Short Compact solution
By definition of a multivariate normal distribution, for any constants a1,...,an, the linear combination a1X1 + ... + anXn is normally distributed, and likewise, for any constants b1,...,bm, the linear combination b1Y1 + ... + bmYm is normally distributed. Because X and Y are independent vectors, these two linear combinations are also independent. The sum of two independent normal random variables is again normal. Therefore, for any constants a1,...,an and b1,...,bm, the linear combination a1X1 + ... + anXn + b1Y1 + ... + bmYm is normally distributed. Consequently, the joint vector (X,Y) must be multivariate normal.
Comprehensive Explanation
Intuitive Overview
A fundamental way to characterize a multivariate normal distribution (also called a Gaussian distribution in the multivariate setting) is this condition: A vector Z is multivariate normal if and only if for every possible linear combination of its components, the resulting one-dimensional random variable is normally distributed. Thus, to show that (X,Y) is multivariate normal, we must show that any scalar linear combination of the components of (X,Y) follows a univariate normal distribution.
Here, X has components X1,...,Xn and Y has components Y1,...,Ym. We know X on its own is multivariate normal and Y on its own is multivariate normal, with the additional assumption that X and Y are independent vectors. We leverage the facts:
Any linear combination of X’s components is normal (by X being multivariate normal).
Any linear combination of Y’s components is normal (by Y being multivariate normal).
When you take one normally distributed random variable plus another independent normally distributed random variable, the resulting sum remains a normally distributed random variable.
Key Mathematical Step
Consider any arbitrary linear combination of all the components in (X,Y). In plain text form:
a1X1 + ... + anXn + b1Y1 + ... + bmYm
where the a's and b's are real constants. We denote this entire sum as Z. Formally, we can write:
a_i (for i=1,...,n) are constants multiplying the components of X.
b_j (for j=1,...,m) are constants multiplying the components of Y.
Since X is multivariate normal, any sub-sum a1X1 + ... + anXn is univariate normal. Similarly, since Y is multivariate normal, any sub-sum b1Y1 + ... + bmYm is univariate normal. Moreover, by the assumption of independence, these two sub-sums are independent random variables. The sum of two independent normal random variables is itself normal. Hence Z is univariate normal for any choice of the constants a1,...,an, b1,...,bm.
This completes the proof that (X,Y) is indeed a multivariate normal vector because it satisfies the linear combination characterization of multivariate normal distributions.

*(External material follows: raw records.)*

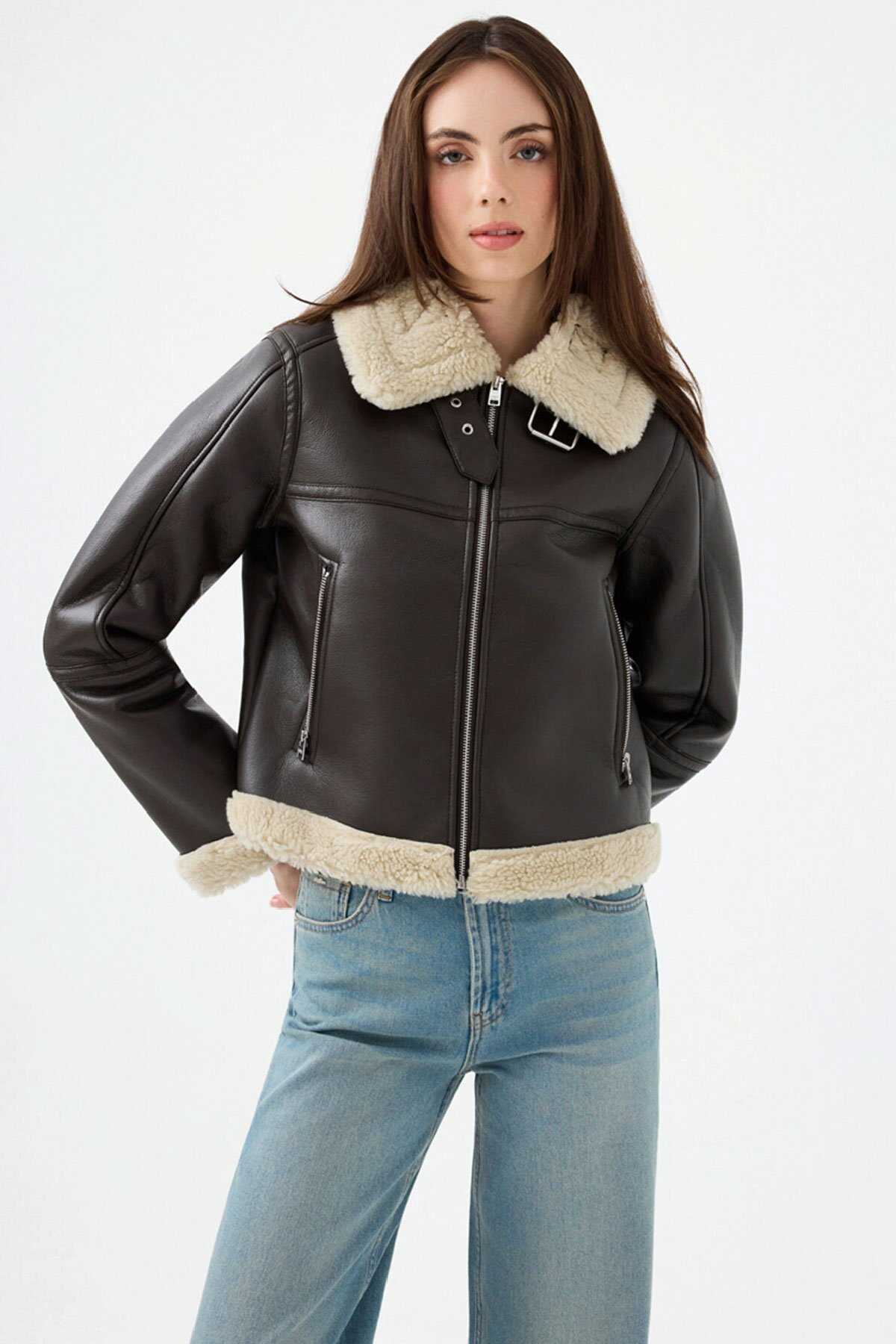 Loft Kadın Mont - Ürün Kodu: LF2040673 - Renk: Kahverengi - %100 Polyester %100 Poliüretan - Menşei: Çin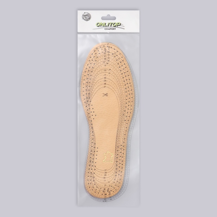 Стельки для обуви, универсальные, кожаные, дышащие, р-р RU до 45 (р-р Пр-ля до 46), 28.5 см, пара, коричневые — Характеристики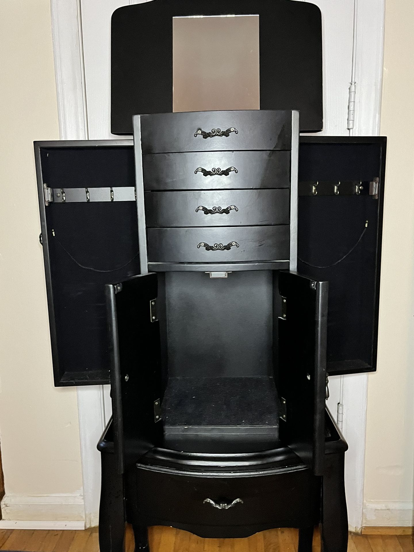 Black Jewelry Armoire with mirror, lightly/barely used, few minor scratches, lots of storage. Paid $199

Practical Perspective and Relation to Covariance Matrices
If X ~ Normal(μ_X, Σ_X) and Y ~ Normal(μ_Y, Σ_Y) independently, then the combined vector (X,Y) can be viewed as:
(X,Y) ~ Normal( (μ_X, μ_Y), Block-Diagonal Covariance )
Specifically, its mean vector is just the concatenation (μ_X, μ_Y), and its covariance matrix has Σ_X and Σ_Y on the diagonal blocks and zeros elsewhere (because of independence). This block structure is exactly the covariance of a larger multivariate normal distribution.
In real applications, it is often beneficial to exploit this property to simplify computations involving partitioned normal distributions. For instance, if you have a joint normal vector but you know certain blocks are independent, you can break down and reason about each piece separately.
Follow-up Question 1: Why does the sum of two independent normal random variables remain normal?
Any univariate normal random variable is completely characterized by a mean and variance. Suppose we have two independent normal random variables U and V. If U ~ Normal(μ_U, σ_U^2) and V ~ Normal(μ_V, σ_V^2), the sum U + V can be shown to have mean μ_U + μ_V and variance σ_U^2 + σ_V^2. The sum U + V is thus Normal(μ_U + μ_V, σ_U^2 + σ_V^2). This result is a well-known property of the normal distribution.
From a more formal standpoint, one can prove it via convolution of two normal probability density functions or by using the moment-generating function (MGF) argument. In MGF form, the product of two independent MGFs is again an MGF of a normal distribution with mean equal to the sum of the means and variance equal to the sum of the variances.
Follow-up Question 2: Could the vector (X,Y) be multivariate normal if X and Y were not independent?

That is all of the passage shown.